The Bloodlands weren't made to be survived.

Vale knew that.

It was a world stitched together from corpses—white skin like grass, flesh like dirt, bones like trees. The air stank of blood and memory. Nerve-flowers twitched in the wind. Rivers ran thick and red, pulsing like arteries, whispering secrets no one should hear.

Every breath out here was a gamble. The wind carried things—fragments of rot, lost screams, laughter with no source. Even the trees leaned inward, listening.

But fear?

He didn't show it.

Vale crouched near a ruined arch of bone, threading wire between two stakes made of sharpened femurs. He'd mapped this kill zone hours ago—three traps, built to slow down the Unspoken just long enough to make them bleed.

He didn't want blood to drink.

It gave him no strength.

That was a lie people liked to believe about his kind—that the thirst was power. But for Vale, it was only survival. A hunger that didn't answer desire. It gnawed and burned and never fed him anything but pain.

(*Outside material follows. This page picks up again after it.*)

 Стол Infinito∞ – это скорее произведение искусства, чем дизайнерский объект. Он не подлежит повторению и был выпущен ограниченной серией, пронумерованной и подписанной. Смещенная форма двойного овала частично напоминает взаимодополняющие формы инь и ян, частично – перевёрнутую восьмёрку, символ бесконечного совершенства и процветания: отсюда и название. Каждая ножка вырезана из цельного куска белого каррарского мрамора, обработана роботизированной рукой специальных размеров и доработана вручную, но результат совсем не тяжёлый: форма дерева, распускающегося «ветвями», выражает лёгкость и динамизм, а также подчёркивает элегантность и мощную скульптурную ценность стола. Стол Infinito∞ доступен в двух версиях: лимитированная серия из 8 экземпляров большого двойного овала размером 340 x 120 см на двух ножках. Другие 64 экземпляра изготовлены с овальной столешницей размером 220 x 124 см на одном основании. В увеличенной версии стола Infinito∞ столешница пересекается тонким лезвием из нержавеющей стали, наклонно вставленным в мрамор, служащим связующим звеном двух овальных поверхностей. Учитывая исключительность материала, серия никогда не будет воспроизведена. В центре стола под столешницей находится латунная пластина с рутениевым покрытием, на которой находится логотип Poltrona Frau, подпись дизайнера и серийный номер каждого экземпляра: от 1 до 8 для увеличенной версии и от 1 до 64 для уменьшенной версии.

His hands shook. His wounds still wept. The Blood hadn't responded right in days.

Still—panic gets you killed.

He moved with care. Slower than before, but steady.

Then—snap.

One of the traps went off.

A scream followed—low, wet, wrong.

Vale turned, gun already raised. The Unspoken writhed in the wire, caught between rusted nails and bone-pins. It twitched violently, dragging long, black tendrils of worm-flesh across the ground. Each time one fell off, it crawled back, worming its way into the mass again.

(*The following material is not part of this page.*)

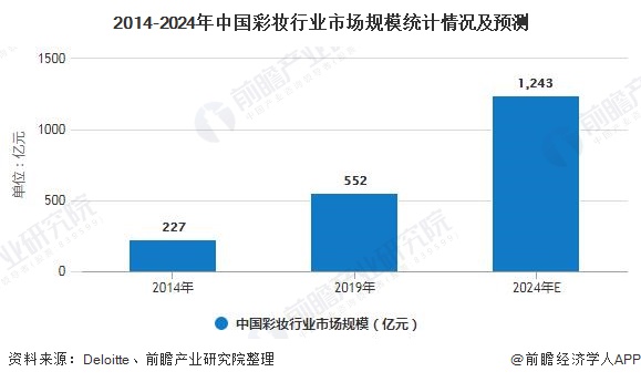 近年来,彩妆市场景气度逐渐提高,在消费者生活水平的提高,对美的追求逐渐强烈,彩妆市场中长期蓬勃发展的趋势将长期存在,据Deloitte数据,未来五年,我国彩妆市场仍将以17.6%的年复合增长率快速增长。2019年中国彩妆市场规模为552亿元,到2024年将达到1243亿元。

Their bodies were made of coiled darkness—black, pulsing cords ringed in pale white edges like bone. They had no eyes. No faces. Only hunger.

And hate.

He didn't hesitate.

Vale uncorked the vial he'd prepared—his own blood, mixed with ash and iron filings—and poured it onto the creature's wounds.

It convulsed.

The blood hissed against its flesh, steam curling upward as the thing shrieked and folded in on itself. It thrashed once, then collapsed into a pile of twitching sludge.

Silence returned.

Vale staggered slightly, breath ragged.

Too much effort. Too little return.

His blood wasn't strong enough. Not anymore. Not here.

But theirs—the marked, the ones whose blood bent the land, warped the sky, stirred the moonlight—that was power. Not to be drunk. To be understood. Stolen, maybe. Repurposed.

He wiped the vial clean. Ignored the burning in his ribs.

And moved on.

The Bloodlands shifted around him, a breathing graveyard underfoot. Somewhere, the Green Stars blinked behind the clouds. The Blue Sun would rise soon.

But Vale didn't look up.

He didn't need the sky to tell him what he already knew.

The world was dying.

And fear?

Fear didn't get the final word.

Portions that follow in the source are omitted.